Alla mattina càpitano dentro due inglesi in perlustrazione, e noi ragazzi glielo abbiamo detto: «Sì, sì, c'è qua un tedesco» e li abbiamo accompagnati sul fienile.

Allora vengono fuori le donne: «Non state fargli niente, perché è buono, non fategli niente», imploravano… e il tedesco non voleva venir giù, perché aveva paura. E con il tedesco non ci si capiva, con gli inglesi non ci si capiva, ma c'erano le donne che dicevano di non fargli niente; e infatti non gli hanno fatto niente.

Poi al pomeriggio siamo tornati a casa nostra a Santa Lucia di Piave.

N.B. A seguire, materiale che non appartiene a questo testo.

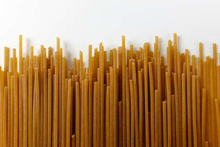 Brown raw whole grain spaghetti, italian pasta as organic food ingredient, macro product and cook book recipes

Una parte della casa era tutta per terra; l’altra parte invece era rimasta in piedi, ma senza tetto senza finestre, senza balconi, senza niente, perché tutto era stato utilizzato dai tedeschi per le loro trincee. Gran parte delle case erano così: anche se in piedi, erano tutte scoperte, senza coppi. E poi dietro a molte case c'erano dei ricoveri in cemento armato in cui si era sistemato il comando. Mio fratello, quello che adesso è a Roma, quando sono venuti avanti gli italiani ha assistito alla resa di sette-otto tedeschi che erano dentro uno di questi ricoveri, alle Casarine.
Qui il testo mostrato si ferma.